= RECORDS SUPPLIED =
• • •

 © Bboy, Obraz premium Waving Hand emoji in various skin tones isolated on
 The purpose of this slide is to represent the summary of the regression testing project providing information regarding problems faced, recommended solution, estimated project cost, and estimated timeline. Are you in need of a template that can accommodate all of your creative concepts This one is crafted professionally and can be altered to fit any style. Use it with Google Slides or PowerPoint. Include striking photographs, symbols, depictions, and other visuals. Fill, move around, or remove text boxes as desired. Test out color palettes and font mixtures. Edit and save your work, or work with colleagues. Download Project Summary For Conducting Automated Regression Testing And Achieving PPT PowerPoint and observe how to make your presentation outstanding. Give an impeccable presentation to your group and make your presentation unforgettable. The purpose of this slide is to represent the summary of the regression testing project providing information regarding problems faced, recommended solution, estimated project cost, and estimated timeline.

• • •

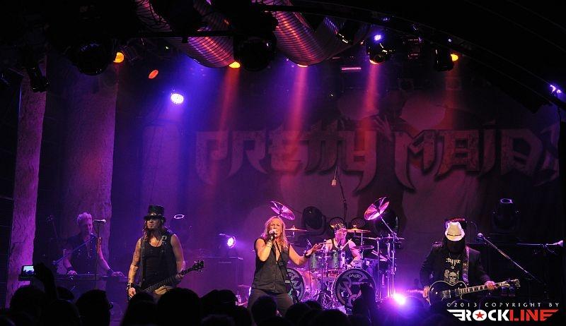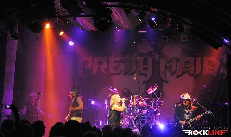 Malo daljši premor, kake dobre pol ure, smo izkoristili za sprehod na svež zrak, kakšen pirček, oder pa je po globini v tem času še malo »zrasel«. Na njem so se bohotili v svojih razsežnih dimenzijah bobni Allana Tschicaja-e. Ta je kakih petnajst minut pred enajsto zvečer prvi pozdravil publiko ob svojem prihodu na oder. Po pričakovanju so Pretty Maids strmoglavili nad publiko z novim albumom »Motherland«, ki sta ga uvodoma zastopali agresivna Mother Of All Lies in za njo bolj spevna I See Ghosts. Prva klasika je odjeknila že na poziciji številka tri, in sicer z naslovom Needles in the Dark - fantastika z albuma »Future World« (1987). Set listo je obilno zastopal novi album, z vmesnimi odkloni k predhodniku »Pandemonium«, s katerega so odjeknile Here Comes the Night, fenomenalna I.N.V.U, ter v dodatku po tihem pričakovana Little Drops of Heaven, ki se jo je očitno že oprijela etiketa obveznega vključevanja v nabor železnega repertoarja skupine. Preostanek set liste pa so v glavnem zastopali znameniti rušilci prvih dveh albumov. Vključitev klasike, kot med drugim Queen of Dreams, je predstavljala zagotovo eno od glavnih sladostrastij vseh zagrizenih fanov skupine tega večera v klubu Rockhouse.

• • •

= WHAT YOU ARE ASKED TO DO =
Working from the records above, write out verbatim only the lines from the line containing "tones isolated on" through the line containing "estimated timeline. Are".

= TASK OUTPUT =
 © Bboy, Obraz premium Waving Hand emoji in various skin tones isolated on
 The purpose of this slide is to represent the summary of the regression testing project providing information regarding problems faced, recommended solution, estimated project cost, and estimated timeline. Are you in need of a template that can accommodate all of your creative concepts This one is crafted professionally and can be altered to fit any style. Use it with Google Slides or PowerPoint. Include striking photographs, symbols, depictions, and other visuals. Fill, move around, or remove text boxes as desired. Test out color palettes and font mixtures. Edit and save your work, or work with colleagues. Download Project Summary For Conducting Automated Regression Testing And Achieving PPT PowerPoint and observe how to make your presentation outstanding. Give an impeccable presentation to your group and make your presentation unforgettable. The purpose of this slide is to represent the summary of the regression testing project providing information regarding problems faced, recommended solution, estimated project cost, and estimated timeline.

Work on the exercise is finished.